I thought the *exact* same thing. Could be dishonesty at either end....


... Or... perhaps... incompetence. With online shopping being a major thing, late December and early January is a bad time for parcel delivery. There is gift shopping and then massive sales. A mild consequence is that your parcel might be delayed in a backlog.... at worst I figure your chances of having a lost package are higher. It is late January now... so im sure your parcel would have been located by now if it was lost or stuck somewhere - but i'll live in hope for you.


----------



## cheflife15 (Jan 30, 2020)

Looks like these turned up


----------



## Bcos17 (Jan 30, 2020)

Please fill us in? Where were they found?


----------



## cheflife15 (Jan 30, 2020)

Bcos17 said:


> Please fill us in? Where were they found?


Sorry should have added this. Looks lioe they made it to the vendor the home butcher


----------



## chefcomesback (Jan 30, 2020)

Thanks for all the replies , last week I submitted the evidence of the insurance and all documents to Australia post , this morning I had a strange email from usps saying my package was on its way and miraculously an hour later I had a message saying my shipment was delivered. Looks like insurance kicking urged people to find and deliver it all the sudden.

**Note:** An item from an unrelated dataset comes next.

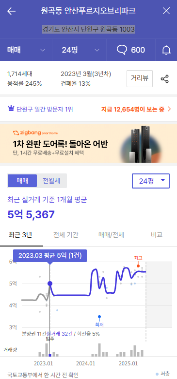 24평형 최근 실거래 기준 1개월 평균 : 5.53억

In the meantime I had sent another package to make up for those so they got delivered in the same as well .


----------



## Corradobrit1 (Jan 30, 2020)

All's well that ends well. USPS came through..... eventually

https://www.instagram.com/p/B79e0udHVhO/


----------



## Luftmensch (Jan 30, 2020)

Luftmensch said:


> but i'll live in hope for you



I am pretty sure it was my optimism that pulled this torrid mess into a good outcome....

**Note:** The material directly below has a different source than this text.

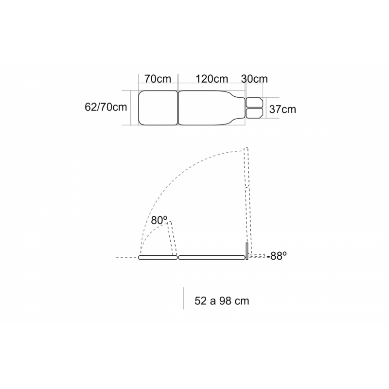 Barella in piedi a 2 sezioni | (70+120+30)x62 o 70 cm | Altezza regolabile | CE-2220-PI

... surely that deserves a HVB knife 



Great outcome.... Congrats!


----------



## MontezumaBoy (Jan 30, 2020)

Excellent news Mert!


----------



## Corradobrit1 (Jan 31, 2020)

Luftmensch said:


> I am pretty sure it was my optimism that pulled this torrid mess into a good outcome....
> 
> ... surely that deserves a HVB knife
> 
> ...


Homebutcher are taking orders


----------



## Michi (Jan 31, 2020)

99.9% percent of the time, it's not a conspiracy. Instead, it's a stuff-up.


----------



## ChefShramrock (Jan 31, 2020)

Luftmensch said:


> +1
> 
> I thought the *exact* same thing. Could be dishonesty at either end....
> 
> ...


I had this problem. Bought a couple of knives from a user here in Finland. They were shipped on December 19th. I just got an update last Friday that they were processed through customs. It had been over a month. I was about to file a paypal refund the day tracking updated.


----------



## milkbaby (Jan 31, 2020)

Michi said:


> 99.9% percent of the time, it's not a conspiracy. Instead, it's a stuff-up.



Yep, US Postal Service can easily lose things in the corner, behind a cart, and many other places. I once had a package that slipped behind the individual boxes in a multi-residence mailbox that would never have been found unless I asked the postal carrier to check carefully.


----------



## Luftmensch (Feb 1, 2020)

Corradobrit1 said:


> Homebutcher are taking orders







Michi said:


> 99.9% percent of the time, it's not a conspiracy. Instead, it's a stuff-up.



Yeah... I agree. 


After all is said and done.... its probably amazing how well international mail works. The number of packages zipping around the place must be mind boggling.


----------